Good point, eval() is slow. But whatever formatting is chosen, I hope you will never eval() PHP but include it directly. The good performance of PHP is when it's being included "normally".

Crell’s picture

It's not the speed that's the issue, it's the memory usage. include() for PHP has a very bad impact on memory usage.

catch’s picture

Would be useful to run these same benchmarks with both a much larger array, and a nested array. Not working on that at the moment but good to sanity check this (for both variation in speed and memory).

damien tournoud’s picture

On my limited testing, as soon as you are working on non trivial data structures, nothing beats serialize/unserialize. [not even igbinary_serialize/igbinary_unserialize, which is interesting].

json_encode/decode being faster is only true for trivial data structure, which probably means that it has a smaller fixed cost.

Crell’s picture

How trivial a data structure are we talking about? I expect *most* configuration objects will not be too outlandish, with a few outliers that are quite complex, eg, Views.
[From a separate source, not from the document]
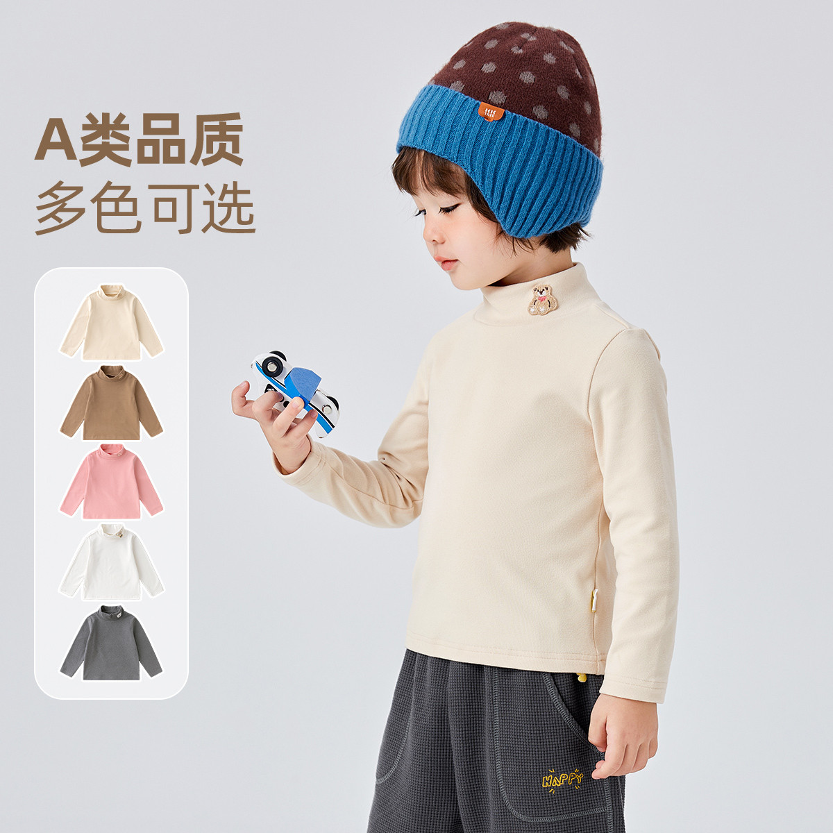 全棉母婴儿童打底衫女童A类100%纯棉半高领男宝宝长袖t恤秋冬加绒

But I don't know what the balance point will be there.

catch’s picture

Relatively complex/large:

System table (although that is only partially configuration at the moment, there are things like schema version that are computed and can't be recalculated or configured, then there is some registry/caching like file locations and info.

Content types (split between custom storage and variables at the moment so usually bigger than the node_type table).

Fields.

Instances (particularly if the configuration object for instances ends up being for the bundle rather than separate objects).

gdd’s picture

Status: Active » Closed (fixed)

Given that we've chosen a file format I am closing this issue unless someone can come up with a good reason not to.